As can be seen from the above results, LEFT SEMI JOIN can actually be rewritten with IN/EXISTS:


scala> order.registerTempTable("order")
warning: there was one deprecation warning (since 2.0.0); for details, enable `:setting -deprecation' or `:replay -deprecation'
scala> customer.registerTempTable("customer")
warning: there was one deprecation warning (since 2.0.0); for details, enable `:setting -deprecation' or `:replay -deprecation'
scala> val r = spark.sql("select * from order where customerId in (select customerId from customer)")
r: org.apache.spark.sql.DataFrame = [paymentId: int, customerId: int ... 1 more field]
scala> r.show
+---------+----------+------+
|paymentId|customerId|amount|
+---------+----------+------+
|        1|       101|  2500|
|        3|       103|   500|
|        2|       102|  1110|
|        4|       102|   400|
+---------+----------+------+

LEFT SEMI JOIN can be represented by the following figure:

Introduction to the seven Join types supported in Apache Spark

LEFT ANTI JOIN

Contrary to LEFT SEMI JOIN, LEFT ANTI JOIN will only return data from the left table that does not match the right table.

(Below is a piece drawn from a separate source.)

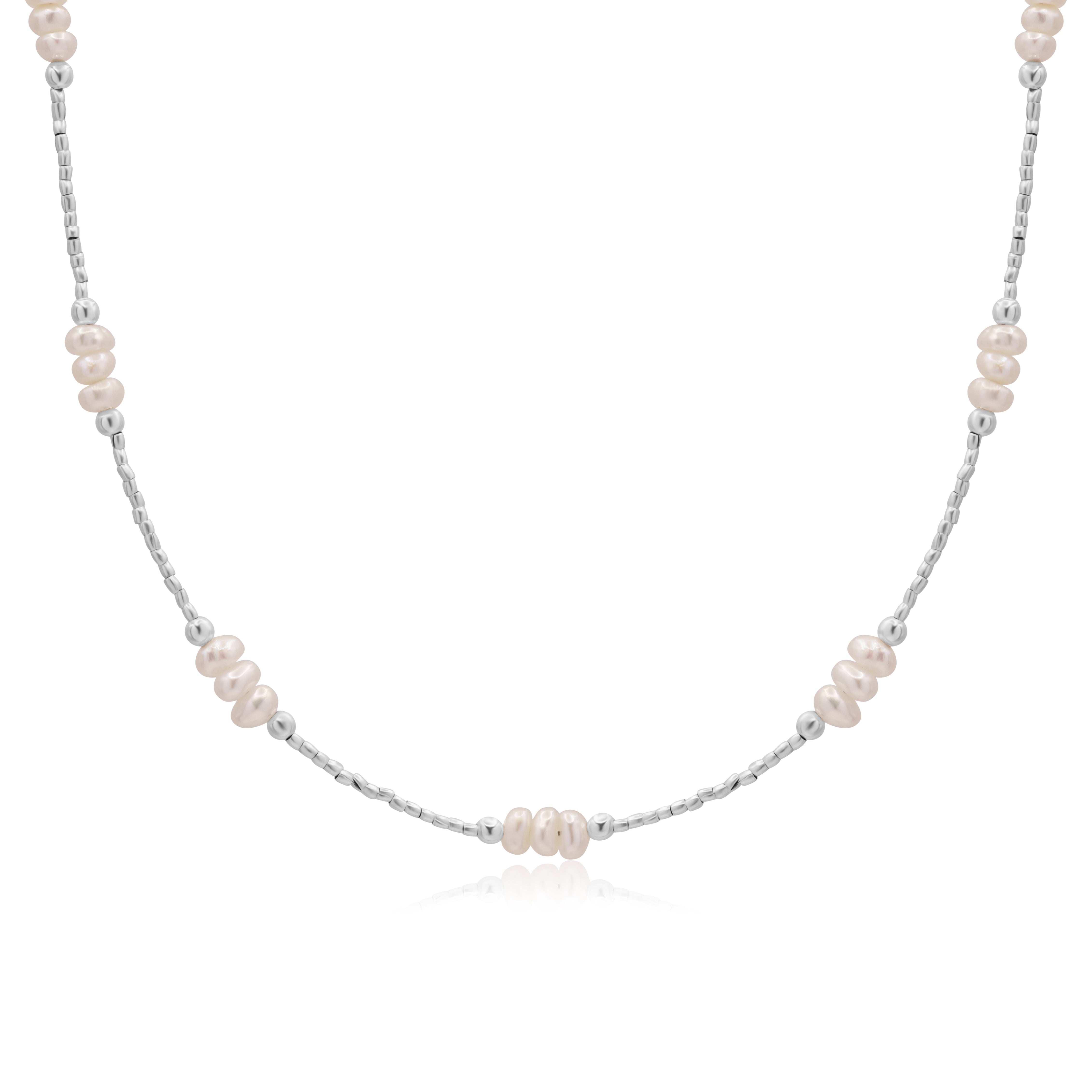 The Layla Necklace embodies effortless coastal elegance. Strung on a durable stainless steel wire, it features three mini freshwater pearls delicately spaced between sterling silver beads. Simple yet beautiful, this necklace is perfect for layering or wearing on its own for a soft, seaside-inspired look.

And the following three ways of writing are also equivalent:


val leftAntiJoinDf = customer.join(order,Seq("customerId"), "leftanti")
val leftAntiJoinDf = customer.join(order,Seq("customerId"), "left_anti")
val leftAntiJoinDf = customer.join(order,Seq("customerId"), "anti")
scala> leftAntiJoinDf.show
+----------+----------+
|customerId|      name|
+----------+----------+
|       105|iteblog003|
|       106|iteblog004|
|       104|iteblog002|
+----------+----------+

In the same way, LEFT ANTI JOIN can also be rewritten with NOT IN:


scala> val r = spark.sql("select * from customer where customerId not in (select customerId from order)")
r: org.apache.spark.sql.DataFrame = [customerId: int, name: string]
scala> r.show
+----------+----------+
|customerId|      name|
+----------+----------+
|       104|iteblog002|
|       105|iteblog003|
|       106|iteblog004|
+----------+----------+

LEFT SEMI ANTI can be represented by the following figure:

Introduction to the seven Join types supported in Apache Spark

Well, the seven Join types of Spark have been briefly introduced. You can choose different Join types according to different types of business scenarios. That's all for sharing today, thank you for your attention and support.